Religion
- Affiliation: Judaism
- Rite: Conservative AND Reform Synagogue
- Ecclesiastical or organizational status: Synagogue
- Leadership: No Rabbi; Lay-led only
- Status: Active

Location
- Location: 5711 Monte Vista Street, Highland Park, Los Angeles, California
- Country: United States
- Interactive map of Temple Beth Israel of Highland Park and Eagle Rock
- Coordinates: 34°06′44″N 118°11′39″W﻿ / ﻿34.112342°N 118.194163°W

Architecture
- Type: Synagogue architecture
- Style: Spanish Colonial Revival
- Established: 1923 (as a congregation)
- Completed: 1930
- Construction cost: $4,078

Website
- tbila.org

= Temple Beth Israel of Highland Park and Eagle Rock =

Synagogue in Los Angeles, California, United States

Temple Beth Israel of Highland Park and Eagle Rock is a Conservative Jewish congregation and synagogue, located at 5711 Monte Vista Street in Highland Park, Los Angeles, California.

First organized as the Highland Park Hebrew School Association in 1923, the congregation completed construction of its Spanish Colonial Revival style building in 1930, at a cost of $4,078 (today $). It is the oldest synagogue in Los Angeles exclusively operating in its original location. From July 2023-June 2026, Rabbi Alex Weisz served as the Senior Rabbi of Temple Beth Israel, making him the first Gen Z rabbi serving as the spiritual leader of an American synagogue.

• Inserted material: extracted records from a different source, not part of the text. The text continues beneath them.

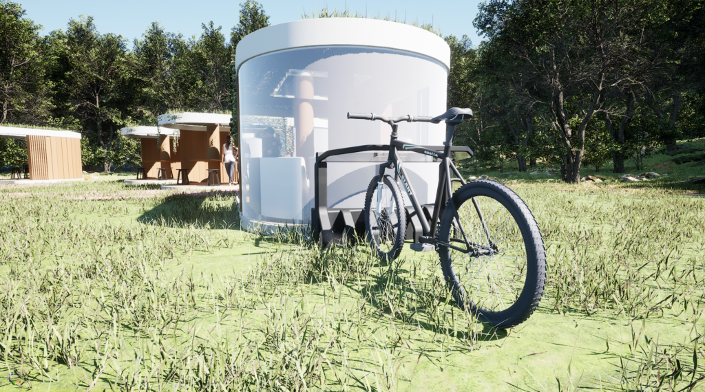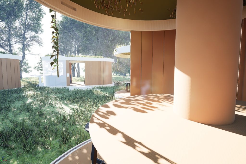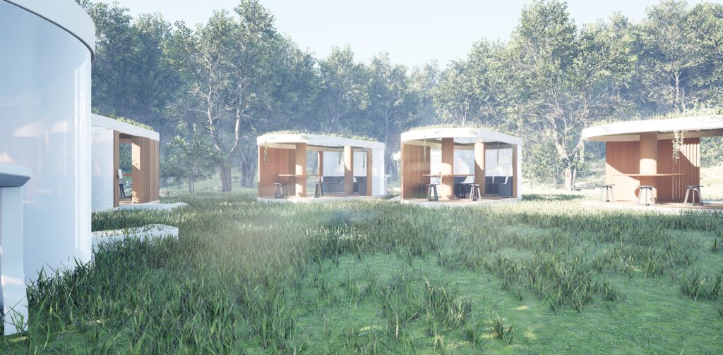 Our concept was to create a nature office pod that can be moved, booked and worked in. Being surrounded by nature is amazing for our mental and physical health. Even when we’re working and focused on work, the effects of nature still has an effect on us. Natural light, fresh air and the sound of leaves rustling is proven to be a boost for our productivity and mental health.
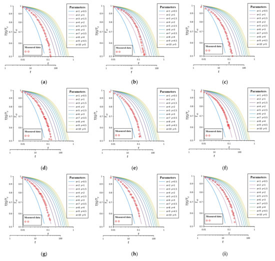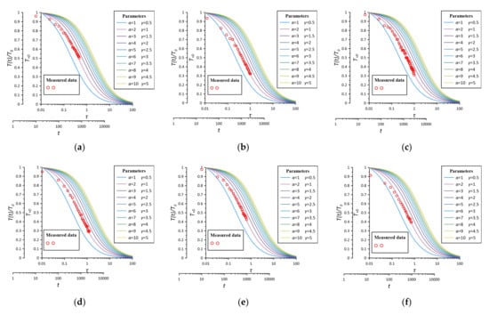 In the case of , according to Equation (49), where is taken in the range of 1 to 10, is taken in the range of −1 to 0 according to aquifer properties and seepage conditions, the dimensionless time is taken in the range of 0.01 to 1, and is taken as 16. The Tolbot algorithm is chosen to establish a set of dimensionless temperature variation , with dimensionless time with respect to parameters in the case of , as shown in Figure 3. According to the definition of the parameter, the corresponding flow rate increases as the parameter decreases, and the value has little effect on the curve shape and curvature in this test flow rate. Therefore, the standard curve of intermediate segment is chosen for data fitting.
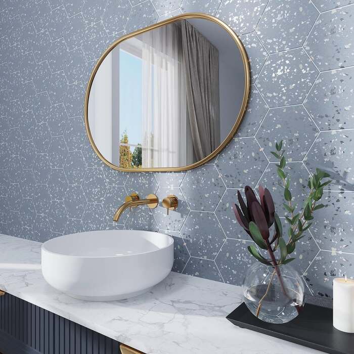 The speckled blue hex backsplash behind a modern vanity feels like jewelry. I’d keep counters super simple and let the wall sparkle. A brushed brass spout is perfect, not too shiny. If you’re chasing a 10+ hexagon tile bathroom that photographs like a magazine, try this. A similar variation is a hexagonal tile bathroom done in muted sage with champagne fixtures.
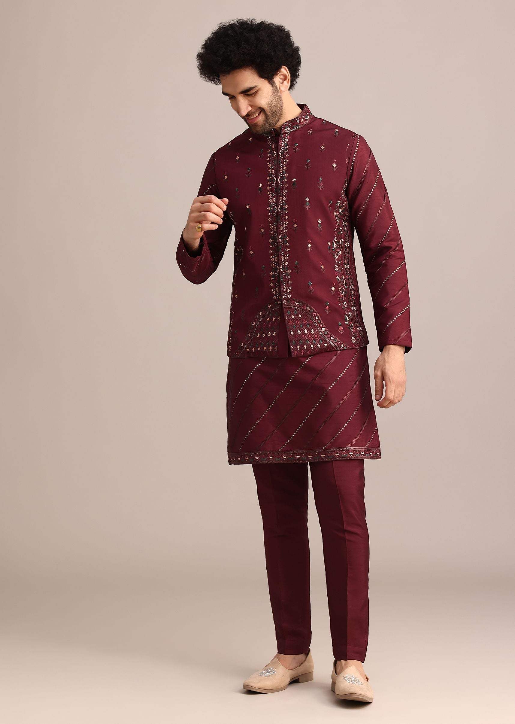 Maroon Silk Jacket Kurta Set With Embroidered Work
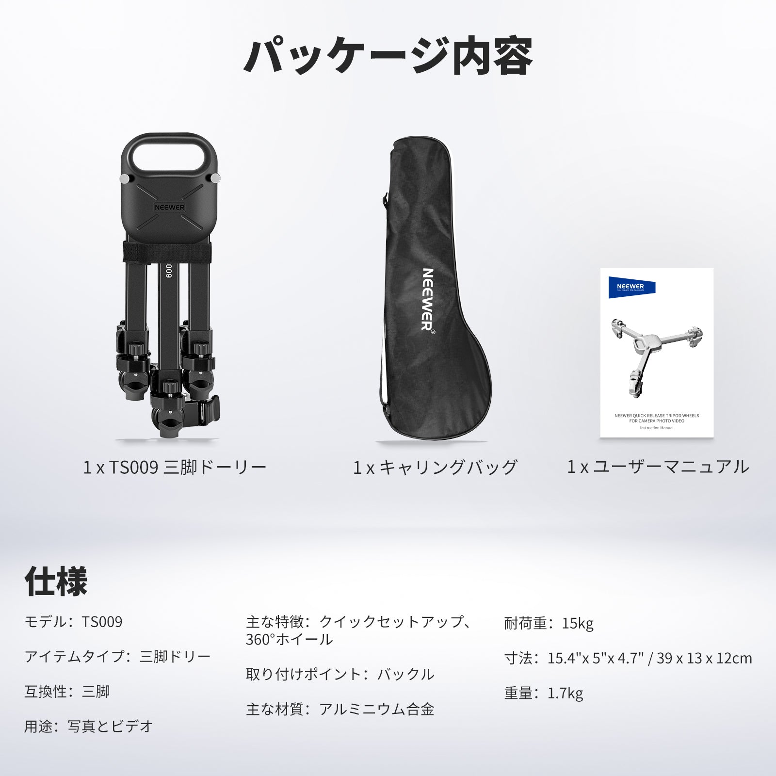 - 【頑丈な写真撮影用三脚ドリー】TS009三脚ドリーはアルミ合金で作られ、車輪付き、最大15kgまでサポートし、三脚やその他のマウントデバイスに安定性、機動性、利便性を提供し、スタジオでも野外でもブレのないスムーズな撮影を可能にし、写真撮影、撮影、ビデオ録画などの移動式または移動式の三脚スタンドとして多用途に使用できます。
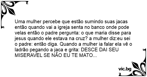 Uma mulher percebe que estão sumindo suas jacas então quando vai a igreja senta no banco onde pode velas então o padre pergunta: o que maria disse para jesus quando ele estava na cruz? a mulher diz:eu sei o padre: então diga. Quando a mulher ia falar ela vê o ladrão pegando a jaca e grita: DESCE DAI SEU MISERAVEL SE NÃO EU TE MATO...

As of July 2026, TBI’s board voted in favor of pursuing a lay-led model. An effort will be made to try and continue providing normal programming without a rabbi. Weekly emails, social media updates, life cycle events, tots programming, monthly meals, Torah studies, learning opportunities will now be handled by the board and select lay-leaders. Religious school is expected to continue as planned.